WORK TASK: Given the records below, would you repeat exactly the lines that begin at the one containing "4. 极地传奇-冰雪体验馆:集冰雪艺术与" and end at the one containing "no more dependable", inclusive?

SOURCE INFORMATION:
· · · ·
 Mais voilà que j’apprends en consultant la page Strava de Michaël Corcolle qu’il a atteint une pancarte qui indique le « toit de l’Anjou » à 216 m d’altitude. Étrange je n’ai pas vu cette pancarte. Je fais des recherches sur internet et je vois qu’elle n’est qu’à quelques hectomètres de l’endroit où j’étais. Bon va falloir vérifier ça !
· · · ·
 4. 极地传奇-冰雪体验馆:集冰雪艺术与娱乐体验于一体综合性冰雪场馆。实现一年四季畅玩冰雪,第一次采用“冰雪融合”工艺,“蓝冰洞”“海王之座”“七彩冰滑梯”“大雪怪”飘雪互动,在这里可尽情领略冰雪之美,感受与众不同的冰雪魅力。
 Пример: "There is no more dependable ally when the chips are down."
· · · ·
THE ANSWER:
 4. 极地传奇-冰雪体验馆:集冰雪艺术与娱乐体验于一体综合性冰雪场馆。实现一年四季畅玩冰雪,第一次采用“冰雪融合”工艺,“蓝冰洞”“海王之座”“七彩冰滑梯”“大雪怪”飘雪互动,在这里可尽情领略冰雪之美,感受与众不同的冰雪魅力。
 Пример: "There is no more dependable ally when the chips are down."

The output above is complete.